A locomotive boiler consists of a rectangular fireplace or fire-box, as shown at A, in Figure 16, which is a longitudinal section, and Figure 17 a transverse section through the fire-box. The fire-box is connected with the smoke-box B by a large number of small tubes, a a, through which the smoke and products of combustion pass from the fire-box to the smoke-box, and from the latter they escape up the chimney D. The fire-box and tubes are all surrounded with water, so that as much surface as possible is exposed to the action of the fire. This is essential on account of the large amount of water which must be evaporated in such boilers. To create a strong draught, the steam which is exhausted from the cylinders is discharged up the chimney through pipes, and escapes at e. This produces a partial vacuum in the smoke-box, which causes a current of air to flow through the fire on the grate, into the fire-box, through the tubes, and thence to the smoke-box and up the chimney. Probably many readers have noticed, that of late years the smoke-boxes of locomotives have been extended forward in front of the chimneys. This has been done to give room for deflectors and wire netting inside to arrest sparks and cinders, which are collected in the extended front and are removed by a door or spout, L, below.

Fig. 18.—Rudimentary Injector.

To get the water into the boiler against the pressure of steam a very curious instrument, called an injector, has been devised. Formerly force-pumps were used, but these are now being abandoned. The illustration (Fig. 18) shows what may be called a rudimentary injector. B is a boiler and E a conical tube open at its lower end—and connected to a water-supply tank by a pipe, C. A pipe, A, is connected with the steam-space of the boiler and terminates in a contracted mouth, F, inside of the cone E. If steam is admitted to A, it flows through the pipe and escapes at F. In doing so it produces a partial vacuum in E, and water is consequently drawn up the pipe C from the tank. The current of steam now carries with it the water, and they escape at G. After flowing for a few seconds the water has a high velocity and the steam, mingling with the water, is condensed. The momentum of the water soon becomes sufficient to force the valve H down against the pressure below it, and the jet of water then flows continuously into the boiler. A very curious phenomenon of this somewhat mysterious instrument is that if steam of a low pressure is taken from one boiler it will force water into another against a higher pressure. Figure 19 is a section of an actual injector used on locomotives.

Fig. 19.—Injector used on
Locomotives.

Having explained how the steam is generated, it remains to show how it propels a locomotive. It does this very much as a person on a bicycle propels it—that is, by means of two cranks the wheels are made to revolve, and the latter must then either slip or the vehicle will move. In a locomotive the driving-wheels are turned by means of two cylinders and pistons, which are connected by rods to the cranks attached to the driving-wheels or axles. These cranks are placed at right angles to each other, so that when one of them is at the "dead-point" the piston connected with the other can exert its maximum power to rotate the wheels. This enables the locomotive to start with the pistons in any position; whereas, if one cylinder only was used it would be impossible to turn the wheels if the crank should stop at one of its dead-points.

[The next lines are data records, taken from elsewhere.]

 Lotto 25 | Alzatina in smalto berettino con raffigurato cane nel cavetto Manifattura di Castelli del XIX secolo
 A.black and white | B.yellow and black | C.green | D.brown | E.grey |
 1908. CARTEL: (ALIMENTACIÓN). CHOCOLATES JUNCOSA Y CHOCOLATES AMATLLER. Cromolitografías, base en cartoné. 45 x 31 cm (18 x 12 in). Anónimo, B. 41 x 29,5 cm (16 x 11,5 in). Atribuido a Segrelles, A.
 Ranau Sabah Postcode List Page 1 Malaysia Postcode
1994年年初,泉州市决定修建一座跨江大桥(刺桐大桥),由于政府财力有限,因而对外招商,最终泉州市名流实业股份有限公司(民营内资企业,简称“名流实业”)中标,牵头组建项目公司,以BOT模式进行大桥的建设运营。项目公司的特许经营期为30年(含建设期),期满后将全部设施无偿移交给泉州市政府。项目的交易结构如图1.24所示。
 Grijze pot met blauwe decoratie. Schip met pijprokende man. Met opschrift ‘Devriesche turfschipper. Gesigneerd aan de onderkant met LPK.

It will probably interest a good many readers to know how the steam gets into the cylinders and moves the pistons and then gets out again, and how a locomotive is made to run either backward or forward at pleasure.

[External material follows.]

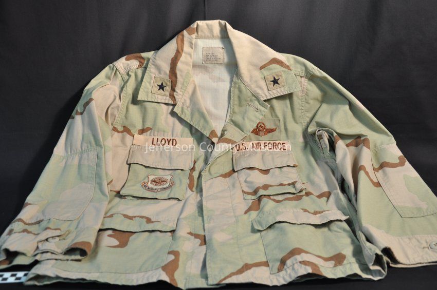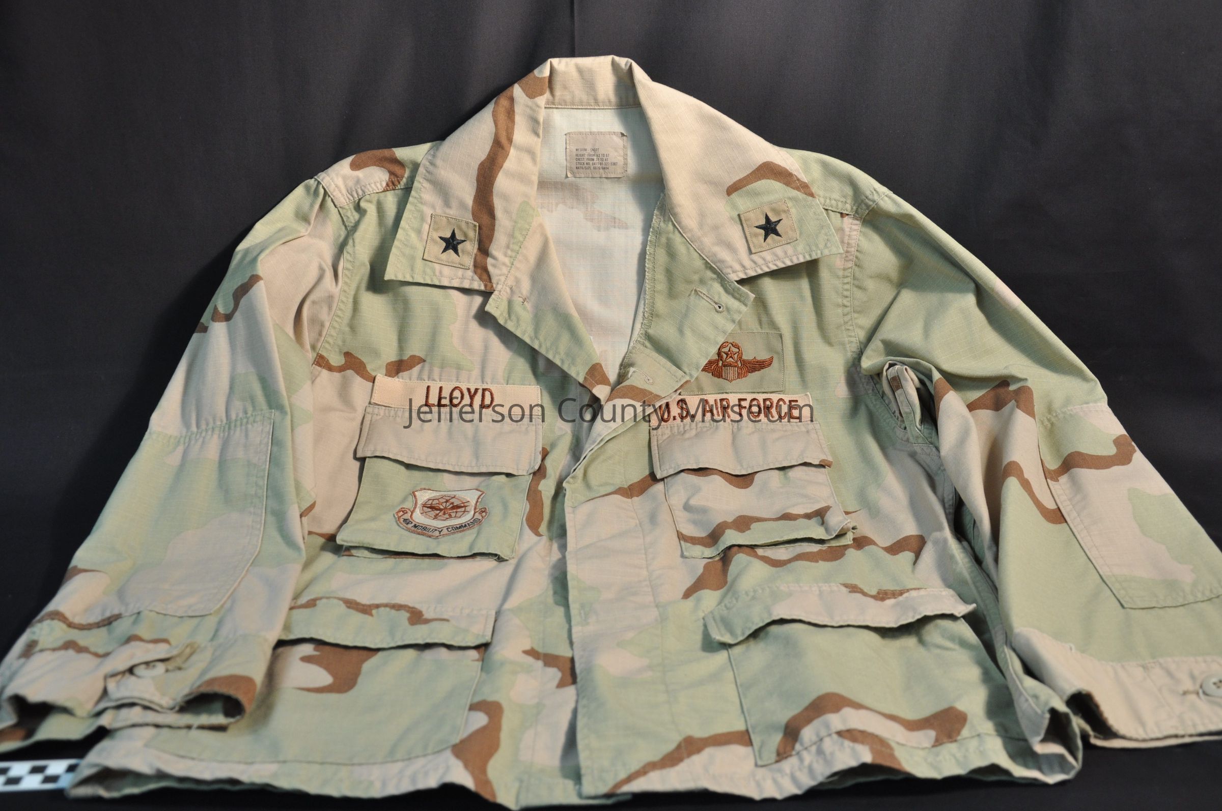 Beige, brown and light green desert camouflage field shirt, button front. Four button pockets. On right pocket is shield shaped patch in desert colors with globe with demarcation lines and spread wings with three crossed arrows superimposed. In a banner below the globe in black letters is "AIR MOBILITY COMMAND". Above right pocket is name tag with "LLOYD". Above left pocket is sewn on tab with "U.S. AIR FORCE". Above that is patch with spread wings with shield in center. Above shield is star with wreath around it, the insignia of a master pilot. At the end of each collar tab is a sewn on star. Sewn to inside right pocket is label with "COAT, DESERT CAMOUFLAGE PATTERN, COMBAT". Below that is contract number and manufacturer name and wearing and washing instructions. Label inside below collar has sizes and stock number.Acquisition

Figure 20 ([p. 118]) shows a section of a cylinder, A A′, with the piston B and piston rod R. The cylinder has two passages, c c and d d, which connect its ends with a box, U, called a steam-chest, to which steam is admitted from the boiler by a pipe, J. The two passages c and d have another one, g, between them, which is connected with the chimney. These passages are covered by a slide-valve, V, which moves back and forth in the steam-chest, alternately uncovering the openings c and d. When the valve is in the position shown in Figure 20, obviously steam can flow into the front end A of the cylinder through the passage c, as indicated by the darts. The valve has a cavity, H, underneath it. When this cavity is over the passage d and g, it is plain that the steam in the back end A′ of the cylinder can flow through d and g and then escape up the chimney. Under these circumstances the steam in the front end A of the cylinder will force the piston B to the back end. When it reaches the back end of the cylinder the valve is moved into the position shown in Figure 21, and steam can then enter d and will fill the back end A′ while that in the front end escapes through c and g. The piston is then forced to the front end by the pressure of the steam behind it. It will thus be seen that the steam enters and escapes to and from the cylinder through the same openings.